Despite the Philippines growing diplomatic and trade relations with China, Japan still considers the Philippines as one of its favoured business destinations, particularly in the expansion plans of Japanese business firms to establish new factories and operations.
The announcement was made by Japan Bank for International Cooperation (JBIC) that conducted a survey among business firms operating in the Philippines.
Though China remains the top investment destination of Japan, other countries mentioned in the JBIC report are India, Vietnam, Thailand, Indonesia, the United States Mexico, Myanmar, Brazil and South Korea.
The report also disclosed that 47 Japanese firms see the Philippines as a promising country in the medium term plan. Japanese companies operating in the Philippines remain optimistic and these companies are involved in the manufacturing of electrical equipment, electronic makers and automobile assemblers.
Respondents also claimed that the Philippines remains attractive because of inexpensive labor, attractive local market, availability of qualified human resources and the country's trademark as a supply base for assemblers.
However, the challenges Japanese are facing include the security threats of insurgency in the Southern Philippines and social instability.
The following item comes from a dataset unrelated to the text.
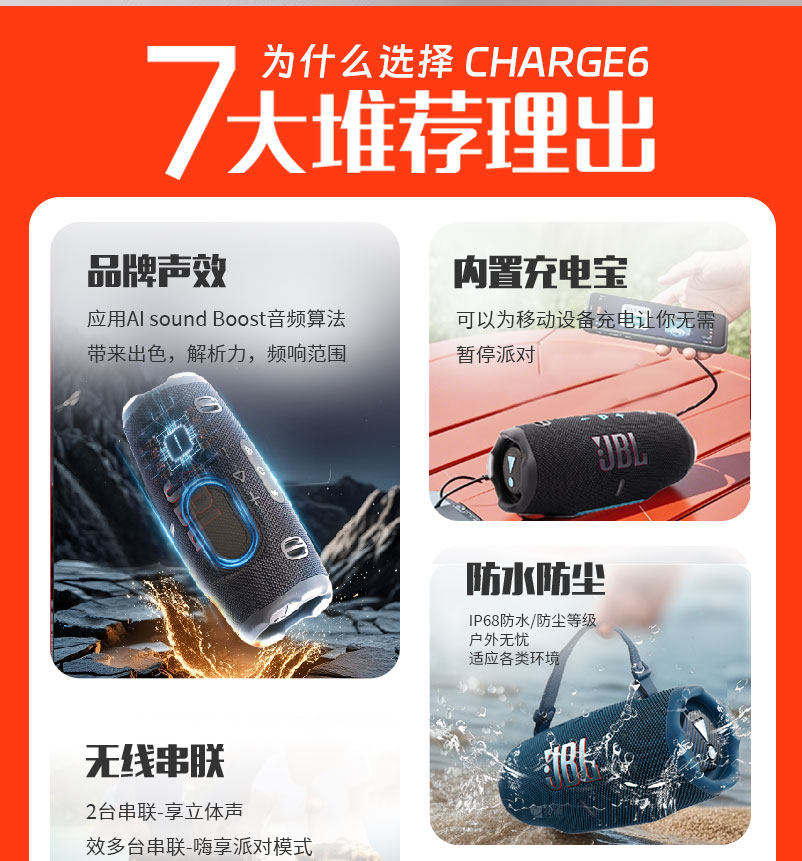 JBL CHARGE6 Audio Shockwave Six Беспроводной портативный Bluetooth-динамик Высококачественный водонепроницаемый уличный Shockwave 6

According to the report, this remained the top concern of Japanese investors.
Respondents also mentioned competition with other companies, availability of senior management personnel, underdeveloped infrastructure, uncertain judicial system and rising labor costs as possible business threats.
While more than 40% of respondents claimed they would continue their investments in the Philippines, 3.5 percent answered that they might withdraw their investments or scale down.
Philippine President Rodrigo Duterte during his visit to Japan this year called Japan as a close friend of the Philippines as he told Filipinos to take care of Japanese tourists in the Philippines who are contributing much to the tourism growth of the Philippines.
Japan was also instrumental in providing assistance for the rehabilitation of Marawi City, an Islamic City, where 800 terrorists raided and fought 4,000 Philippine soldiers in that five-month long battle. Marawi needs at least 30 billion PESOS to recover economically from the armed conflict.